Higher Expectations
There is little question that as a consequence of first the accounting scandals and later the financial crisis, the expectation of what boards can do has never been higher. “Where was the board?” is one of the most frequently asked questions in the aftermath of any corporate scandal, followed quickly by assessments of what individual board members bring to the company, the length of their tenure, their relationship to management outside of the boardroom and their capability to exercise their role as the shareholder’s representative.

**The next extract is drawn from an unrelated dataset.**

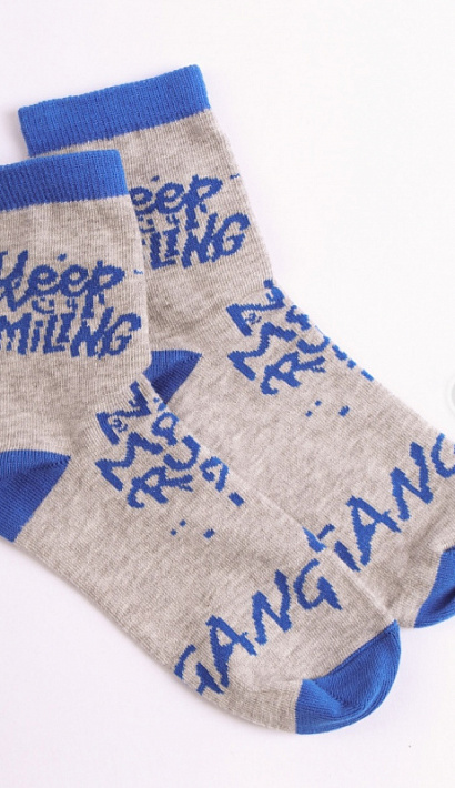 Детские носки серо-голубые с двубортной резинкой, паголенок классический, компьютерный рисунок в виде надписей-граффити. После стирки не теряют цвет и форму. Носочки для мальчиков подойдут для дома и прогулок на свежем воздухе.

Bethany McLean is the coauthor of The Smartest Guys in the Room, which documented the rise and fall of Enron, and All the Devils Are Here: The Hidden History of the Financial Collapse. In 2001, while a senior editor at Fortune, she wrote “Is Enron Overpriced?” That article was among the first to raise questions about the energy giant’s business model. She continues to write about business—and when called in June to ask her opinion on how boards have changed, or been changed, in the past 10 years, she was reflective.
The line between the accounting scandals and the subprime lending debacles that triggered the financial crisis are deep ethical lapses, she suggested. One striking difference is that in the more recent crisis the will to prosecute didn’t exist as fervently as what drove the investigations of the SEC, Department of Justice and other enforcement agencies back in the Enron era. But with or without crackdowns, crises that are later blamed in part on corporate governance failures continue to happen. Why?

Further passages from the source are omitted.